Nadat hun oogst is platgebrand door de list van Simson met de vossen, zijn de Filistijnen op zoek naar de schuldige. Blijkbaar was makkelijk te achterhalen dat Simson dit gedaan had. Hij had immers ook aangekondigd dat hij de Filistijnen kwaad zou aandoen (:3).
Richteren 15
6 En de Filistijnen zeiden: Wie heeft dit gedaan? En zij zeiden: Simson, de schoonzoon van de Thimniet, want deze nam zijn vrouw en hij gaf haar aan zijn metgezel. En de Filistijnen gingen op en zij verbrandden haar en haar vader in het vuur.
7 En Simson zei tot hen: als jullie doen als dit, zal ik mijzelf veel meer wreken op jullie. En daarna zal ik ophouden.

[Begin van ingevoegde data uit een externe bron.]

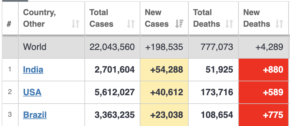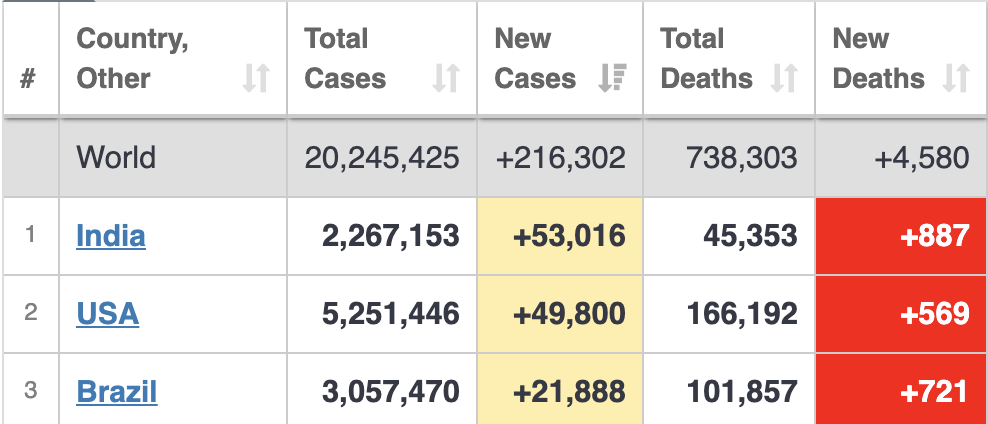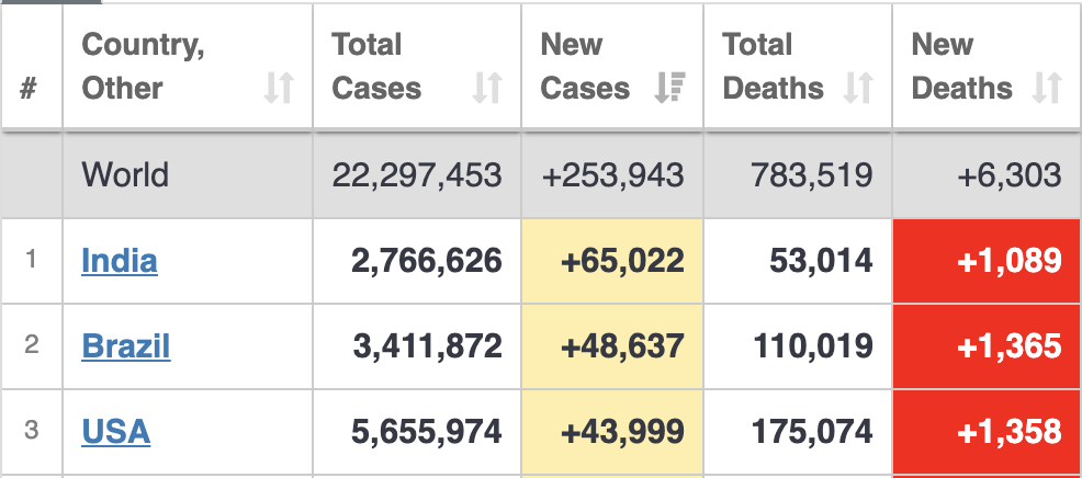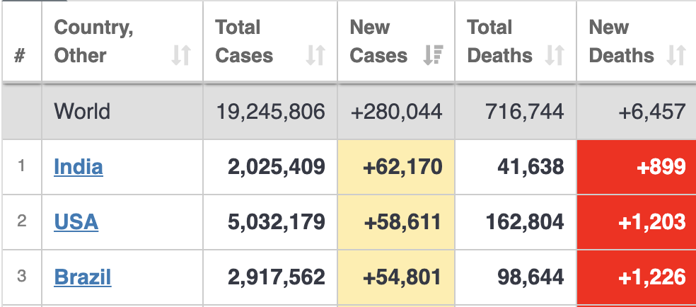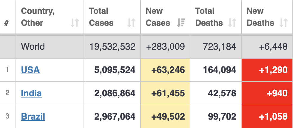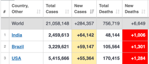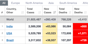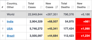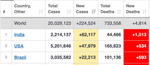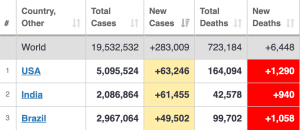 Welcome to the Daily Pandemic Diary for August. This report is divided into four parts, the U.S. daily global share of new cases in the prior 25 hour period, the U.S. daily global share of COVID-19 related deaths in the same 24 hour period, a daily commentary on the trends and related issues, and a graphic of the table from which the raw data is reported. The raw data all comes from the international Worldometer.info website. The main purpose here is to provide a daily snapshot of how the U.S. is doing relative to the world as a whole. For example, if we have 4.3% of the world’s population but 20% of the new cases, that isn’t very good. If 18 other countries are testing more of their people per million population than are we, that is an indication that we must do better, etc. The twenty-four-hour lookback is based on Grenich Mean-time. The Total Tests/U.S. Population is the ratio of all COVID-19 tests given relative to the population of only one test was given per person.

8 En hij sloeg hen neer, been over dij, een grote slag. En hij daalde af en hij woonde op de hoogte van de rots van Etam.
verwoest en verbrand
De oogst is verbrand en de Filistijnen koelen hun woede op de vrouw en haar vader door hen te verbranden met vuur. Het beeldt uit dat het nieuwe verbond niet tot stand kwam en hoe Jeruzalem en de tempel opgingen in vlammen in het jaar 70 na Chr. Deze verwoesting vinden we dan ook aangekondigd door de schrijvers van het nieuwe testament (Hebr.10:27; 2 Petr.2:1-9).
een grote slag
Simson neemt wraak op de Filistijnen en sloeg hen neer, been over dij, staat er letterlijk. Wat er precies mee bedoeld wordt, weet ik niet. De vertalingen lopen hier ook nogal uiteen. De NBG heeft meer een uitleg, als ze weergeeft met: hij sloeg hun de ruggengraat stuk. De Herziene Statenvertaling ook: sloeg hun…. de botten stuk. De Statenvertaling heeft: den schenkel en de heup. In ieder geval was het een grote slag.
Etam
Men zegt dat Etam de betekenis heeft van: plaats van een roofdier. Het woord is afgeleid van een woord dat havik of roofvogel betekent en omdat bepaalde roofvogels nestelen op overhangende rotsen, is het dan de rots Etam. Hoe dan ook, Simson trekt zich terug op een hoge plaats, nadat de vrouw en haar huis geoordeeld zijn. Het is een illustratie van de Heer, die gezet werd aan Gods rechterhand in de hemel en zich terugtrok en verborg. Zoals Simson al eerder terugkeerde naar het huis van zijn vader (14:19). We zien keer op keer dezelfde zaken geïllustreerd in deze geschiedenissen, vanuit een ander perspectief.
de rots
De rots is in de Schrift altijd een uitbeelding van Christus. Een rots die vaste grond onder de voeten geeft (2 Sam.22:3), een rots die ons plaatst in de hoogte en overzicht geeft (Rich.15:8), het steentje dat de grote tegenstander versloeg (1 Sam.17:4), de steen waarop Jakob zijn hoofd neerlegde om te rusten (Gen.28:11), de steen die van de berg afkwam, het beeld van Nebukadnezar verpulverde en de hele aarde vulde (Dan.2:44-45), of de spelonk van Adullam waar David en zijn manschappen verbleven (1 Sam.22:1-2), alles spreekt van dé Rots: de Christus (1 Kor.10:4).